Carrying Power.—Here we have that phase of tone which is most elusive. A violin seemingly loud, full and even brilliant, to the player, may, at a little distance, be thin and wailing. Such a violin is lacking in carrying power, and when played with a small orchestra, is rarely heard in the lower register by any save the player. The voice of a true-toned violin is rarely loud to the player, and, in the hands of many, such an instrument never has a chance to display its ability to lead the accompanying instruments. Those unused to such an instrument are charmed, it may be, with the purity of tone, but disappointed with its supposed lack of volume which, in their misguided efforts to produce, is all but destroyed. It is seldom such players can be brought to realise that carrying power is due to purity and not to mere loudness; that a tone which strikes the player as loud and the hearer as weak possesses elements of a conflicting nature which, in their efforts to dominate each other, all but destroy the carrying ability; that tone, when “pure,” is divested of these elements, or most of them, and is naturally less in quantity, or loudness, but greater in penetrative ability; and, finally, that pure tone requires no forcing, or undue pressure, to create a carrying power entirely beyond the possibilities of most loud-toned fiddles. These facts are rarely appreciated save by artists, whether players or singers, and it is seldom that amateurs, or some who rank as professionals, understand purity of tone sufficiently well to recognise what degree of carrying power it will possess. In fact, a loud-toned violin, although lacking the finer elements, is more suited to such players than a purer-toned instrument. It is better that they possess a fiddle with the tone with which they can be satisfied than another which is belaboured with the bow in the vain effort to create what is considered an effective, or “big,” tone. In justice to the player it must be said he is not wholly to blame. Wrong ideals of tone and carrying power are easily formed through the use of an unsuitable instrument. And it must be remembered a player can never “hear himself as others hear him.”

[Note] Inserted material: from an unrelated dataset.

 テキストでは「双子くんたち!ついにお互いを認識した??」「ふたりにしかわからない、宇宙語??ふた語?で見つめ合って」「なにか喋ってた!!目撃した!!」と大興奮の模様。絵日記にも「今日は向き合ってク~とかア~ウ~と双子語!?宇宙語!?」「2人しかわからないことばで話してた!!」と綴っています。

Quantity versus Quality.—“Ruggeri,” writing in the Strad for February, 1913, says: “There seems so often a tendency among violinists of the present day to forget that it is not quantity, but the ‘quality’ of tone that holds the audience spell-bound.” This warning should be remembered by all devotees of the fiddle. While the possession of a beautiful toned violin does not, ipso facto, make a tone-poet of its owner, it is the essential part of his equipment. Tone of superfine quality can only be freely and easily produced from a pure and flexible toned violin, and the importance of such a violin to those who would express the highest ideals in a masterly manner cannot be over-estimated. However sound the player’s theory may be, however high his ideals, he is, in practice, bound to limits of expression which are set by the instrument. Long association and use of a particular violin create a feeling that the limit of the player’s ability to produce quality of tone, and the capacity of the violin for giving it forth, are one and the same, whereas they are entirely different; the player’s ability is constantly growing and expanding, but the capacity of the violin remains always the same. Should this violin capacity be of a low order the player is bound to a dead level of tonal mediocrity, although rarely conscious of the fact. On the other hand, a violin which is practically limitless in capacity for expressing quality of tone places no obstacle in the way of the player whose ambition is to “hold the audience spell-bound.”

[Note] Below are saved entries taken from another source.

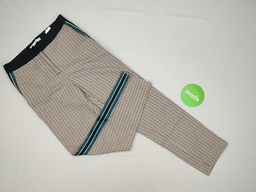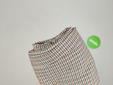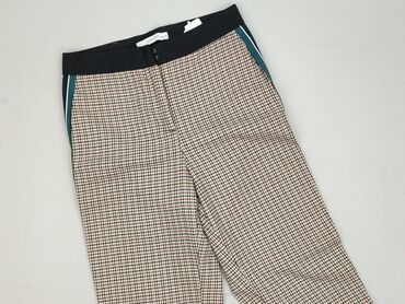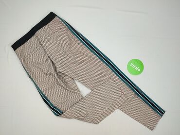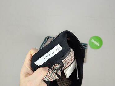 Ciemne spodnie damskie w kratę, marki Reserved, z ozdobnym białym lampasem biegnącym wzdłuż nogawek. Spodnie posiadają zakładki z przodu, dodające im eleganckiego charakteru. Mogą być noszone zarów...
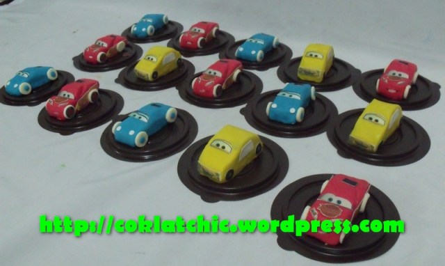Lightning mc Queen and friends minicake Terbuat dari crafted cake,dilapisi dengan coklat bukan fondant atau sugar icing Posted with WordPress for BlackBerry. Share this: Share on Facebook (Opens in new window) Facebook Like Loading... Related
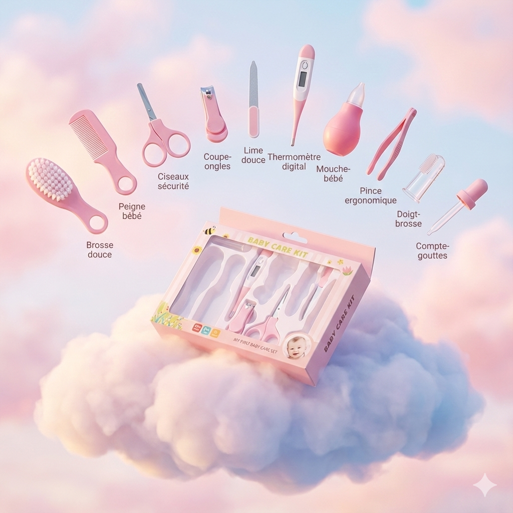 brosse douce, peigne, coupe-ongles, lime, ciseaux à bouts ronds, thermomètre, mouche-bébé, pince à épiler, tétine de soin, petit doigtier de massage.

Flexibility of Tone.—By flexibility is meant ease of production, the instant tone-response to the lightest touch of the bow—not only in the first, but in the high positions. Without flexibility tone loses its tenderness, most of its qualities of appeal, and delicate shades of expression become next to impossible. Its absence adds to the technical labour of the student and robs the soloist of his main source of inspiration—the command of a supple voice.